The chip delivers 30 PetaFLOPS of NVFP4 compute performance on a monolithic die with 128 GB of GDDR7 memory.
The device is designed to process disaggregated inference – the two distinct phases of inference consisting of the context phase and the generation phase.
The context phase is compute-bound, requiring high-throughput processing to ingest and analyse large volumes of input data to produce the first token output result.
The generation phase is memory bandwidth-bound, relying on fast memory transfers and high-speed interconnects, such as NVLink, to sustain token-by-token output performance.
Disaggregated inference enables these phases to be processed independently, enabling targeted optimisation of compute and memory resources.
This architectural shift improves throughput, reduces latency, and enhances overall resource utilisation.
The Rubin CPX integrates with NVIDIA Vera CPUs and Rubin GPUs in the NVIDIA Vera Rubin NVL144 CPX platform.
This NVIDIA MGX system delivers 8 exaflops of AI compute to provide 7.5x more AI performance than NVIDIA GB300 NVL72 systems, as well as 100TB of fast memory and 1.7 petabytes per second of memory bandwidth in a single rack.
A dedicated Rubin CPX compute tray will also be offered for customers looking to reuse existing Vera Rubin 144 systems.

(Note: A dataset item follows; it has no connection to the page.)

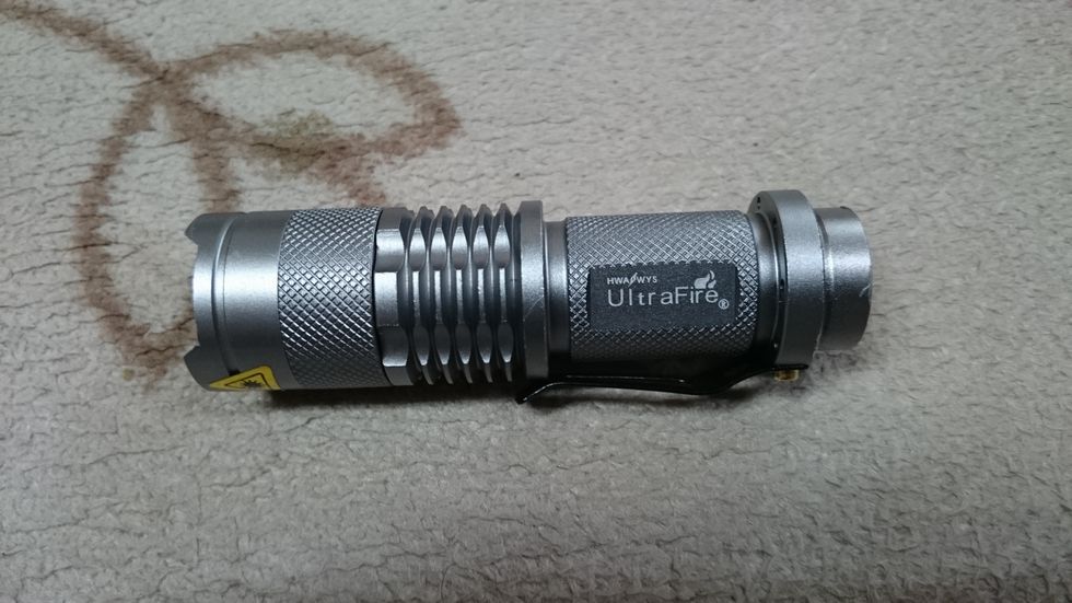 そんな時、インターネットで見たのは、「10cm弱のコンパクトなボディに、200ルーメンという明るさです。LED素子は世界屈指のCREE社製。防水機能もあり、いざという時の護身用になります」 と書いてありました。

“The Vera Rubin platform will mark another leap in the frontier of AI computing — introducing both the next-generation Rubin GPU and a new category of processors called CPX,” says Jensen Huang, founder and CEO of NVIDIA, “just as RTX revolutionised graphics and physical AI, Rubin CPX is the first CUDA GPU purpose-built for massive-context AI, where models reason across millions of tokens of knowledge at once.”